My dad had one of these and I thought it was the coolest because it had the text-to-audio synthesizer. Because it was such nascent tech, it said a lot of hilarious pronunciations which was infinitely entertaining when you're like 7 years old.


There were huge numbers of Sinclair ZX Spectrum clones too in the 80s from all kinds of manufacturers. Pirate Spectrums were widely popular in the Soviet Union:

https://en.wikipedia.org/wiki/List_of_ZX_Spectrum_clones


I remember some of the folks in the company I was working at "repurposing" DRAM chips intended for prototyping to use in their homebrew Apple II clones. They had done a group buy of bare boards and DRAM was pretty expensive, so...


Had an Apple II+ clone that was in a PC style case which made the whole thing more convenient as the drives were in the chassis.

The Apple II+ clone had a CPM card made by Microsoft.


Was it a Trackstar Apple clone on an ISA card maybe?

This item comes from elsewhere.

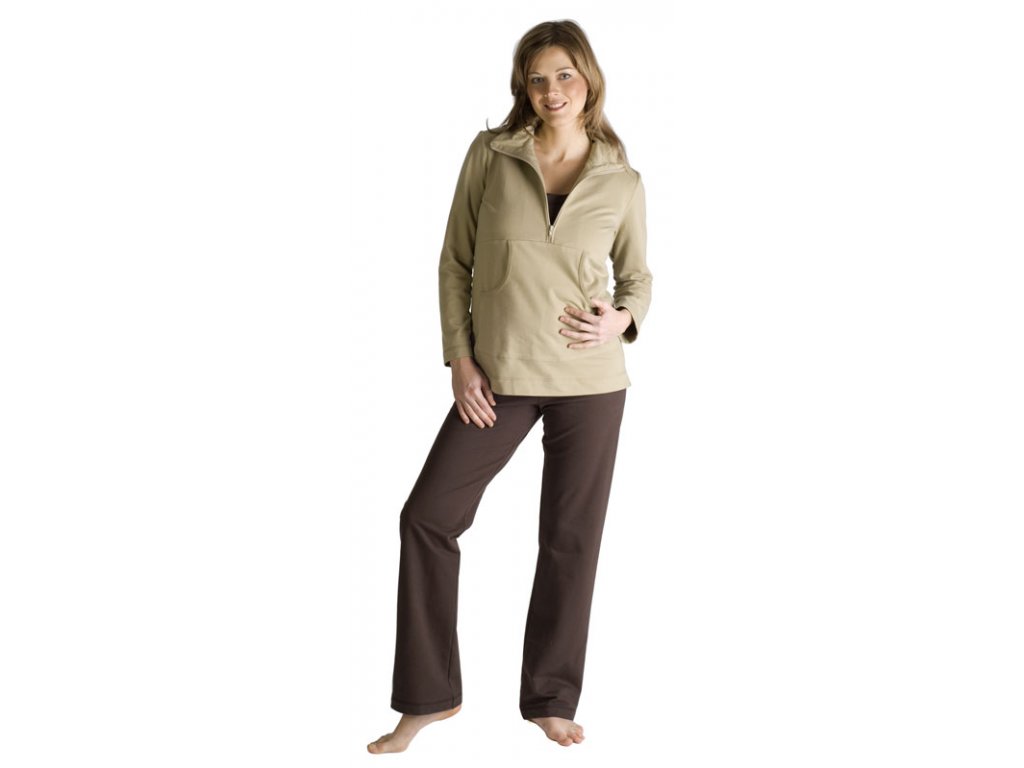 Pohodlná bavlnená mikina s miernymi rozparkami, vreckami na bruchu a zipsom. Možno nosiť aj mimo tehotenstvo...

https://www.diskman.com/presents/trackstar/

https://www.youtube.com/watch?v=JhRaTI76S7Q

The CPM card from Microsoft was the Z80 SoftCard:

https://en.wikipedia.org/wiki/Z-80_SoftCard


What shortsightedness from Apple. By aiming to be the sole player in the market and charging exorbitant prices, they paved the way for the IBM PC where the market was wide open and the ecosystem thriving.

After the threats and harassing from Apple, all those manufacturers quickly started producing PC compatibles instead of Apple II compatibles, thereby reducing the Apple II market presence compared to the PC.

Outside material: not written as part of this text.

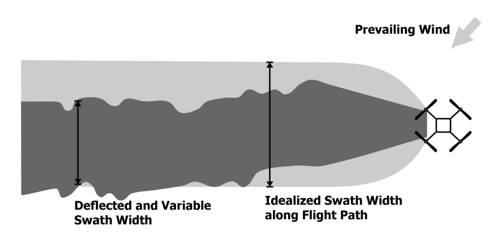 Operational settings, meteorological conditions and the downwash have a cumulative effect on droplet fate. Consider the following operational use case: A rotary-wing drone spraying back and forth over rolling topography will experience changing wind speed and relative direction. The drone will respond by changing drone pitch, rotor speed and pump flow to maintain the desired altitude, travel speed, and application rate. Meanwhile, the drone gets lighter as it sprays, thereby reducing the magnitude of the downwash. Ultimately, this results in a swath width that expands and contracts and may shift back-and-forth or be consistently offset along the flight path (Figure 3).

Classic case of greed at work.


What really turned developers away from Apple after the Apple II was not only the price but that you couldn’t sit down at a Macintosh and start programming it like you could with an Apple II. You couldn’t really do that sitting in front of a PC either unless you were happy with GW BASiC, or you bought a Borland compiler, but at least there were less obstructions in your path if you wanted to develop a PC application versus an Apple application. The Macintosh felt like a locked down black box, like you bought a car with the hood welded shut. Overall, PCs were just much more accommodating to developers than the Apple products until Steve Jobs came back and switched everything over to UNIX-based operating system.


HyperCard should have been that system. I really wonder what the Mac would have been like in the 90s if every machine had that in ROM, ready to go. The web would probably have been a bit different.


You might find the story of MacBasic interesting: https://www.folklore.org/StoryView.py?project=Macintosh&stor...

Apple intended to ship the Mac with a programming language, a really nice threaded and graphical Basic, but Bill Gates put the squeeze on them.


No need for a borland compiler, just type your assembly right into debug.exe!


IBM losing control over the PC platform was more like a happy historical accident though, if the IBM beancounters would have taken the PC platform any serious, they wouldn't have allowed that to happen.


Did they really expect the industry to follow them into the EISA venture?


EISA was the open alternative to IBM's MCA: https://en.wikipedia.org/wiki/Extended_Industry_Standard_Arc...


> By aiming to be the sole player in the market and charging exorbitant prices, they paved the way for the IBM PC where the market was wide open and the ecosystem thriving.

And they did it again, paving the way for the Raspberry Pi cyberdeck market that's wide open and the ecosystem thriving. Ken Thompson was the canary.


In the long term though it accidentally worked out since now they have complete integration and control and don't have to worry about the mess of dealing with other manufacturers. History is weird sometimes, and by sometimes I mean all the time.